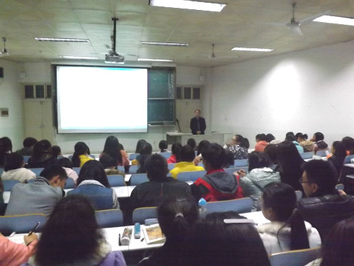 (本网讯 郎淑洁 裴荆巧)为提高同学们的写作水平,更好地进行校园宣传工作,10月18日晚,无料AV 院长、党总支书记吴圣刚在人文楼410教室与学子畅谈文章写作技巧。校宣传部朱四倍、朱慧花两位老师及大学生记者团、南风通讯社百余名校园新闻工作者共同聆听了此次讲座。讲座由朱四倍主持。
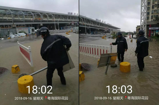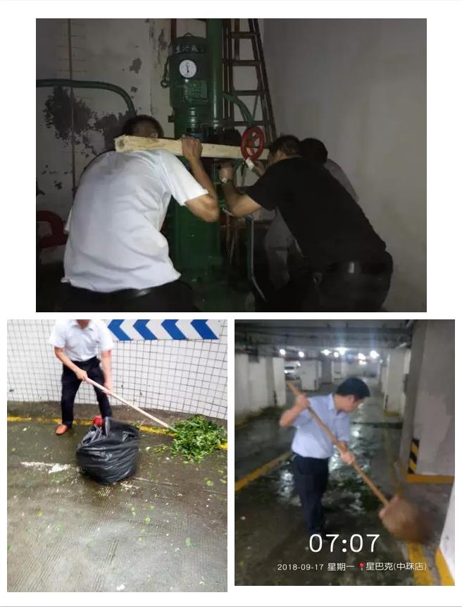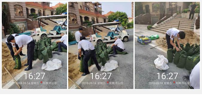 為業主服務,與時間賽跑,同風雨抗爭。9月16日,2018年地表最強臺風“山竹”來襲!物業公司的工作人員和保安全部在崗,南灣國際小區除了開辟兩條電話熱線隨時等候業主的求助召喚,更不顧風雨主動排查險情,主管人員帶隊巡查地下車庫排水系統,確保80臺水泵工作正常。
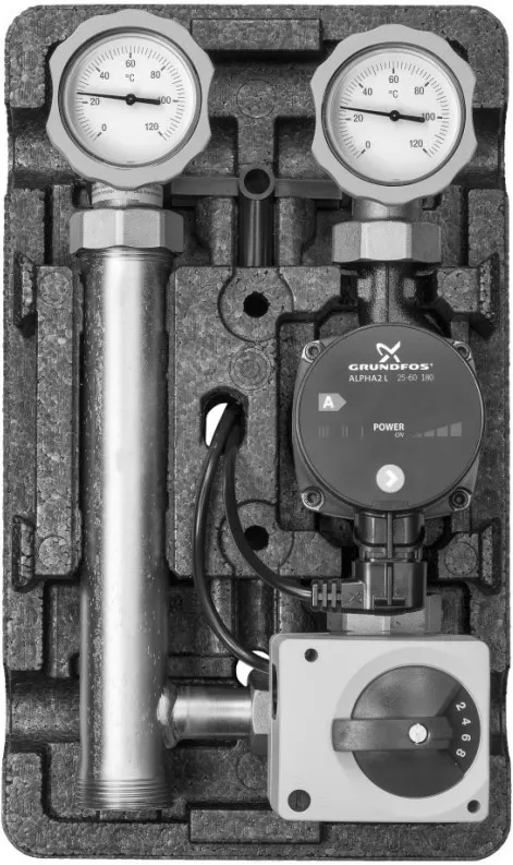 Насосный модуль с 3-х ходовым смесительным клапаном 1"в х 1½"н Meibes MK M66831.36 с насосом Grundfos UPM3 Hybrid 25-70
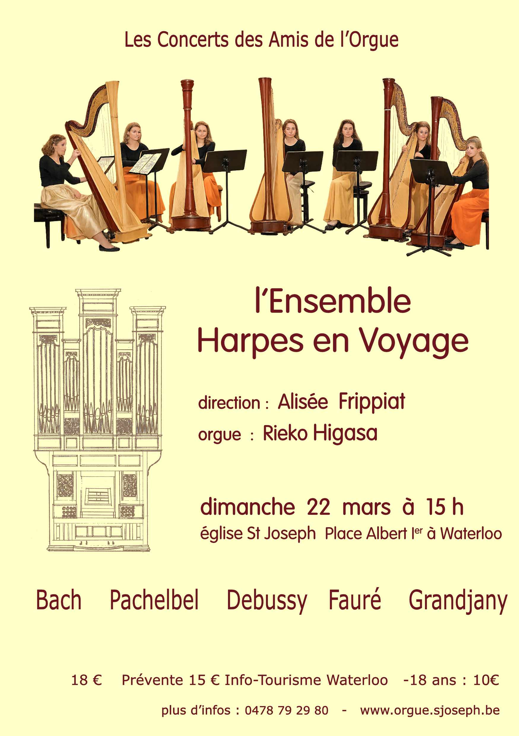 Sous la direction d’Alisée FRIPPIAT, l’ensemble de 9 jeunes femmes « Harpes en voyage » joindra ses douces sonorités à celles de l’orgue sous les doigts de Rieko HIGASA, dans un programme varié : Bach, Debussy, Fauré, Grandjany.
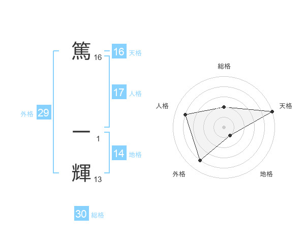篤 一輝さんの外格は29画の4点!
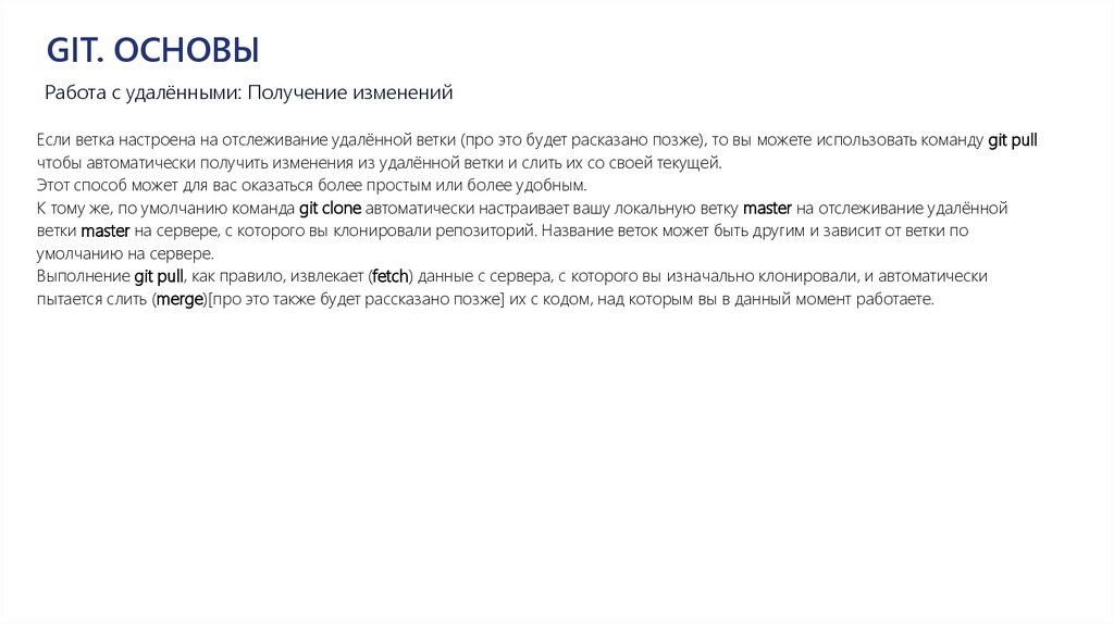 пытается слить (merge)[про это также будет рассказано позже] их с кодом, над которым вы в данный момент работаете.
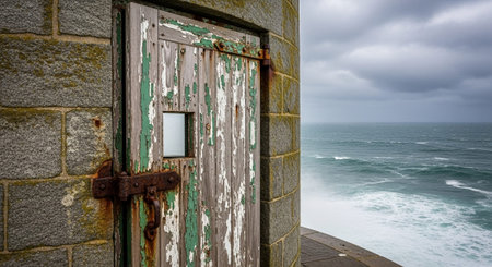 Dramatic seascape with dark stormy sky and rain
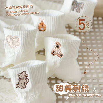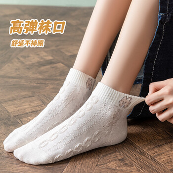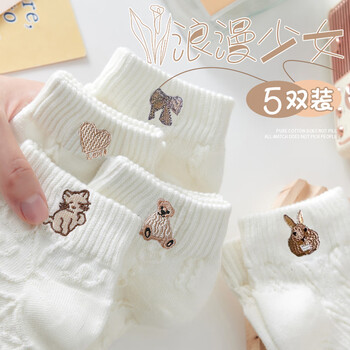 莫代尔5双袜子女夏季薄款棉质短袜透气浮雕少女运动船袜夏天仙女士袜子
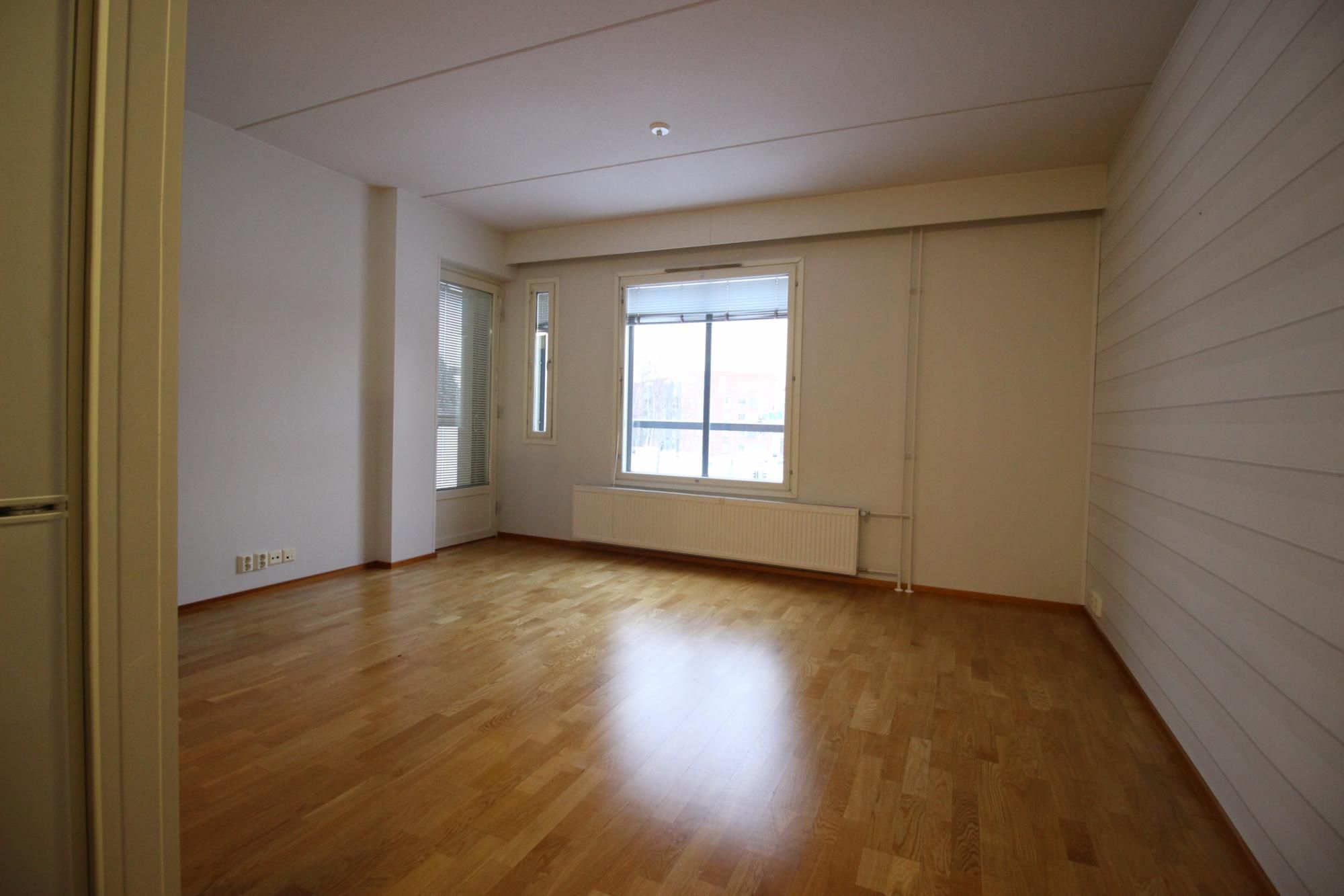 Parkettilattiat, seinät maalipinoin, ikkunoissa sälekaihtimet.
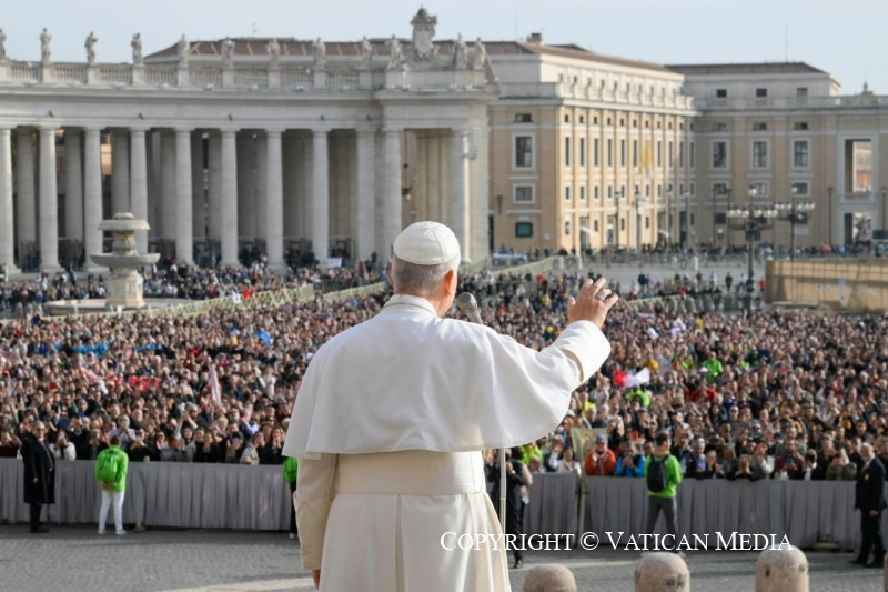 Amikor az evangéliumot olvassuk, az egyik jól ismert mondat így szól: „Boldogok a lélekben szegények, mert övék a mennyek országa” (Mt 5,3). Mi mindannyian az Úr szegényei közé szeretnénk tartozni, mert életünk Isten ajándéka, melyet nagy hálával fogadunk. Köszönöm nektek, hogy itt vagytok! A bazilika most kicsinek bizonyul… Ti az Egyházhoz tartoztok, és a kivetítőkről is követhetitek a szentmisét. Nagy szeretettel, nagy hittel vegyetek részt rajta, és tudjátok, hogy mind egyek vagyunk Krisztusban! Most tehát bemutatjuk a szentmisét, utána pedig találkozunk az Úrangyala elimádkozásakor itt, a téren. Isten áldjon meg mindnyájatokat! Szép vasárnapot!
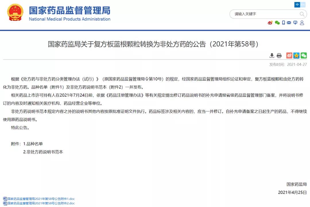 國家藥監(jiān)局關(guān)于復(fù)方板藍(lán)根顆粒轉(zhuǎn)換為非處方藥的公告(2021年第58號)
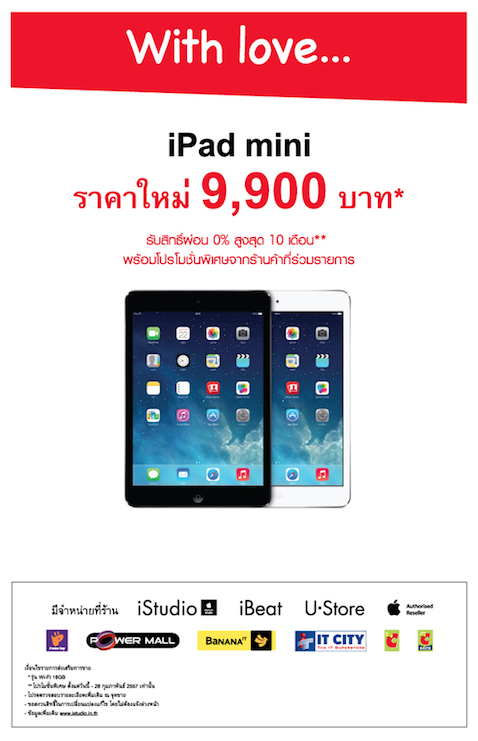 โปรโมชั่นพิเศษในเดือนแห่งความรัก กับ iPad Mini ราคาใหม่ 9,900 บาท* รับสิทธิ์ผ่อน 0% สูงสุด 10 เดือน** วันนี้ - 28 ก.พ. 2557 เท่านั้น

● What you need to do
In the records above, find the line with "Parkettilattiat, seinät maalipinoin, ikkunoissa" and the line with "國家藥監(jiān)局關(g"; please transcribe exactly those two lines and all lines between them, omitting any picture.

● Output of the task
 Parkettilattiat, seinät maalipinoin, ikkunoissa sälekaihtimet.
 Amikor az evangéliumot olvassuk, az egyik jól ismert mondat így szól: „Boldogok a lélekben szegények, mert övék a mennyek országa” (Mt 5,3). Mi mindannyian az Úr szegényei közé szeretnénk tartozni, mert életünk Isten ajándéka, melyet nagy hálával fogadunk. Köszönöm nektek, hogy itt vagytok! A bazilika most kicsinek bizonyul… Ti az Egyházhoz tartoztok, és a kivetítőkről is követhetitek a szentmisét. Nagy szeretettel, nagy hittel vegyetek részt rajta, és tudjátok, hogy mind egyek vagyunk Krisztusban! Most tehát bemutatjuk a szentmisét, utána pedig találkozunk az Úrangyala elimádkozásakor itt, a téren. Isten áldjon meg mindnyájatokat! Szép vasárnapot!
 國家藥監(jiān)局關(guān)于復(fù)方板藍(lán)根顆粒轉(zhuǎn)換為非處方藥的公告(2021年第58號)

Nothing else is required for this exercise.